The bank has scrutinised all business areas to see if they add value for clients, meet profit criteria, and whether they eat up capital. Proprietary trading no longer met the criteria and would not be relaunched, Deutsche said.
To reduce expenses, the bank will radically pare down the number of vendors and seek instead to build more strategic relationships with a select few, Ritchotte said.
PAY IN FOCUS
Around 60 percent of staff in London and New York are working in infrastructure rather than client-facing areas, Ritchotte explained, adding that some of this work can be done in Mumbai and other lower cost locations.
Deutsche Bank will cut the 11 layers of management down to 8. Managers currently have an average of 5 people reporting to them, this will be raised to at least 8, the bank said.
Pay will no longer be linked as strongly to job titles, Ritchotte continued.
"We don't want to pay people just because they have a seat. We really need to define exactly what, based on the key performance indicators, this means," Ritchotte said.
Staff were now being asked to emphasise cost compliance as much as market share. In investment banking, resources will tilt towards the areas of revenue growth like Asia.
Variable compensation as a percentage of net revenues has come down to 11 percent, from 22 percent in 2006, the bank said.
The bank had become more rigorous about withdrawing pay using a so-called clawback provision. "For last year we have 35 million euros we have clawed back on behavioural grounds," Stephan Leithner, who is head of human resources, told analysts.
"A change is the red flag reporting system. We have 16 red flags," Leithner said, referring to the different kinds of behaviour it will not tolerate.
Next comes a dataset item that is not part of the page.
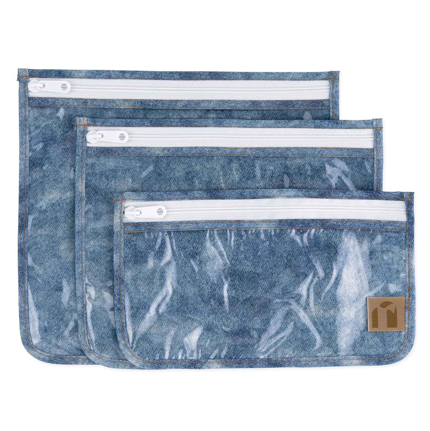 Roamio Travel Bag, Toiletry, TSA Approved Pouch, Zip Quart Size Airline Compliant, Clear-Sided, Baby, Diaper Bag Organization, Makeup, Accessories, Carry On Packing, Set of 3 Sizes, Faux Denim

As a result of behavioural issues, a total of 11 staff were rejected for promotion to the post of managing director at the investment bank, Deutsche said.
Aside from detailing steps to reduce costs, Deutsche Bank elaborated on how it will reduce the number of risky assets, which would force the bank to hold more capital.
The new non-core segment will house credit portfolios from units Postbank and Sal. Oppenheim as well as assets including a casino in Las Vegas and Maher Terminals.
The German bank will house 125 billion euros ($160.6 billion) worth of assets which the bank would otherwise have to underpin with more capital as stricter banking rules bite in 2013, Chief Financial Officer Stefan Krause told analysts on Wednesday.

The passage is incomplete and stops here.